When I went to visit her for the first time, Eunice lived alone in an apartment opposite Sílvia's, in Campinas, State of São Paulo. It was a very cold day, and she was watching television in the bedroom, wrapped in a blanket. I arrived, I introduced myself and she soon apologized for lying down. As a good hostess, Eunice, despite the cold, got up from the bed to greet me, leading me to the sofa in the living room, hastily arranging her clothes and hair.

When I resumed contact with Sílvia, after 5 years, Eunice was in a nursing home, the place where we would talk since then. With a slower pace, Eunice remained well articulated. It was clear that she wanted to speak. Sometimes I was afraid to tire her because she would start and never stop. At other times, she remained silent, her eyes on the floor.

She felt I was a friend she hadn't seen in a long time. One day, when she saw me, she gave me a hug and said: “I was thinking about you!”. Eunice, who had already told me she was in her 30s, used to comment on the work in the store and as a seamstress. She described the household chores she did every single day at her house - she did not see the institution she was in as her home. One day, she told me it was the first time she was there, not recognizing those people. She had already thought that the institution was my home - “may I use your bathroom, please?”, she politely asked me. "Well, honey, the talk is great, but I have to go home." Caring for her young children was a frequent topic: the dishes she liked to prepare for them, advices she, as a mother, would give in order to provide a good education and, indeed, how much work they were. Once, we were talking in the bedroom when we heard a loud noise. "Wow, I left my boy sitting on the chair in the living room, did he fall?" She worriedly said.

The mother was the main topic of our conversations. She spoke of her with such love that it moved me. Eunice's mother was alive - not only because of the strength of the stories she used to tell, but she literally lived, as a body, a physical presence, flesh and bone. "My mom is making me a dress, I can't wait!". "I'm leaving because my mom gets worried whenever I'm late ...". "Today I'm going to have lunch with my mom!". "I don't know if my mother will let me go, she's such a piece of work". "I'm worried about my mother, she was supposed to show up, but she hasn't arrived yet". Eunice helped to take care of her mother, to make her food, to clean the house and she held her as an excellent grandmother for her children. At times, Eunice was just a child: “My mother tells me: don't stay on the street, don't catch a cold, take care! So, I'm going to obey and it's working”. In others, a young woman discovering the world: “now that I'm 18, I can go to the gate!”

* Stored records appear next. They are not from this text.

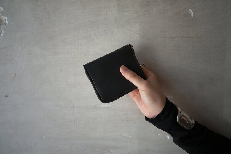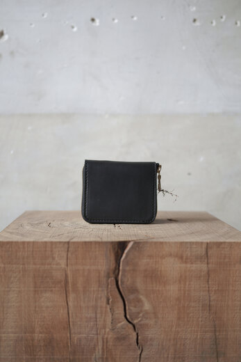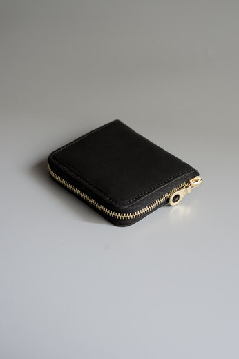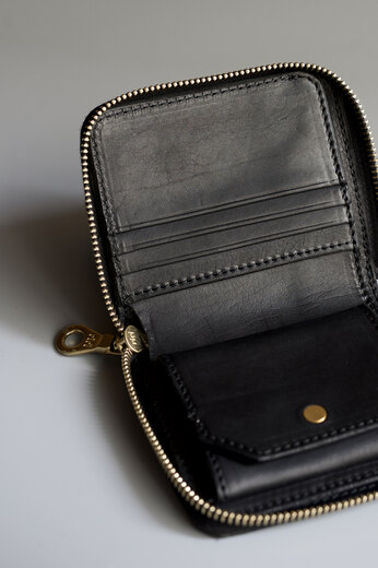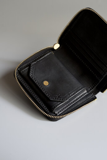 折財布を出来るだけ小さく、と考えられたモデルのラウンドZIP折財布S。手に収まるほどのサイズ感で、カード入れは3箇所で6枚は無理なく入る。小銭入れは大きく開き、全体が見え出し入れし易く、お札は片側が開く仕様なので、引っ掛からずストレスがない。本来なら小さくすればする程、実用面を犠牲にする部分が出てくるけれど、そこをカバー出来るのがTochcaのデザイン。使っている革はGUIDI社のカーフ。油分たっぷり、モチモチで馴染みが良く、使い込めば深みが増し艶がどんどん増していく、そんな変化を日々感じられるのも楽しみの一つ。修理もずっとお受け出来ますので、長くお使い頂けます。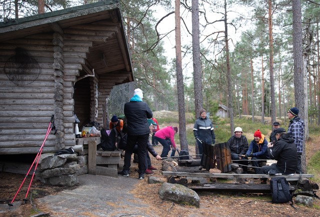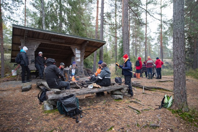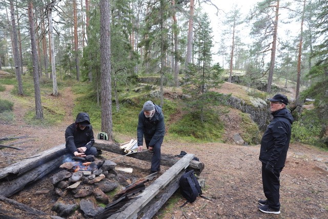 Meillä oli tiedossa, että tulentekopaikalla Lotikon kellarilla ei ole polttopuita. Niinpä osasimme asiaan varautua ja muutamat meistä olivatkin pakanneet reppuunsa klapeja ettei tarvinnut makkaroita kylmänä syödä. Lotikolta oli vielä lähtöpaikkaan vajaa 5km. Sää oli mitä mukavin eikä navakka tuulikaan metsän suojassa tuntunut.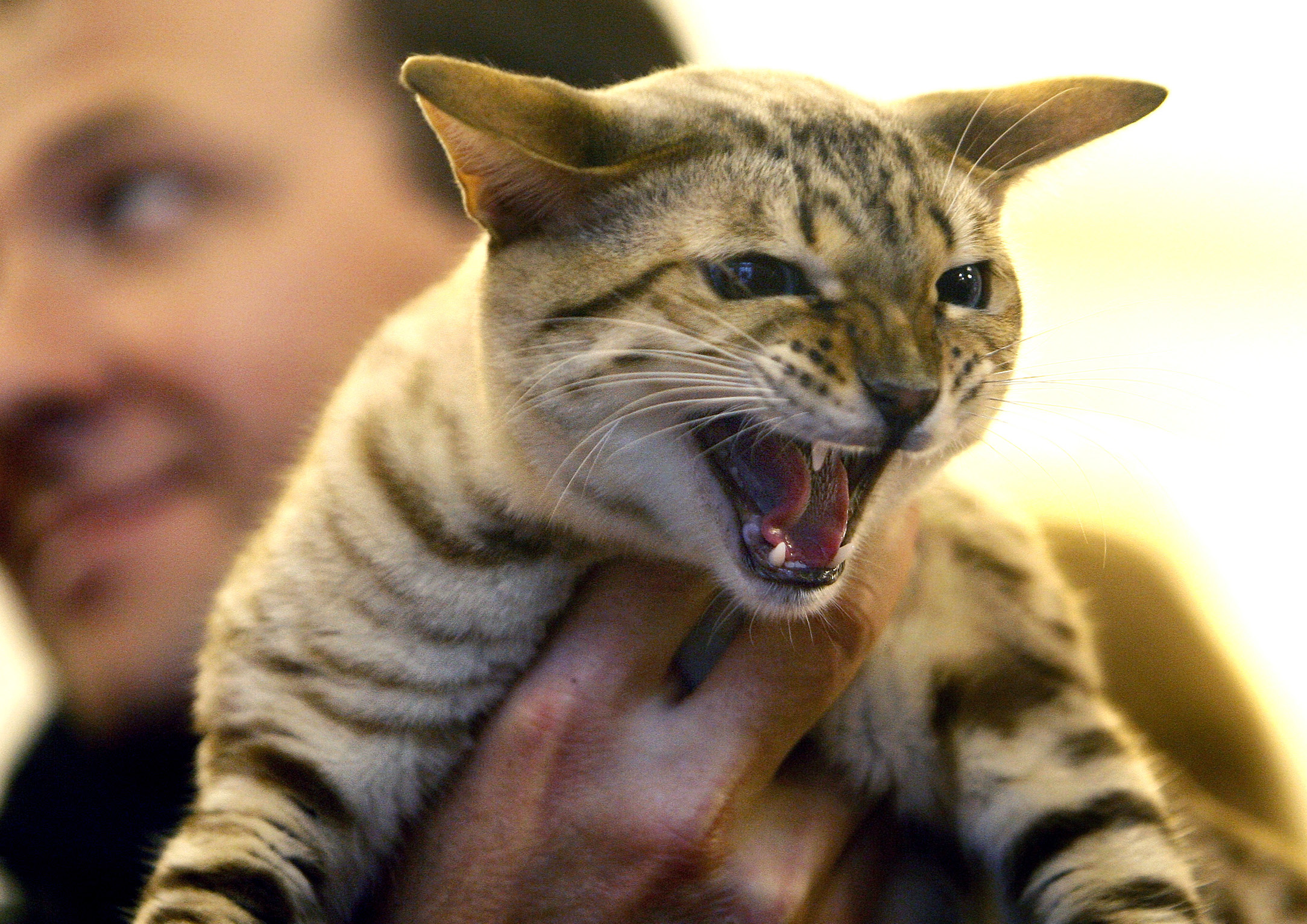 A Bengal cat reacts to a judge during an international feline beauty contest in Bucharest, Romania Saturday.(AP Photo/Vadim Ghirda)

In the first conversation I had with Sílvia, before I knew that the mother would be the focus of our meetings, I asked if Eunice was hallucinating. The question did not seem to make sense. I gave as an example saying to have seen someone who has passed away, for I noticed these reports with a certain frequency in my field research. Sílvia replied that she would not see it that way, since they are spiritists and, therefore, believe in this possibility. Eunice herself had already been a medium and used to psychograph letters in the spiritist center she frequented with her mother, the one who passed on to her those religious concepts. Therefore, seeing the mother and talking to her was not a pathological symptom, but rather a spiritual experience.

And that is how they taught me something precious: when the disease meets other possible explanations and experiences, it overflows from medicine to show that there are many other ways.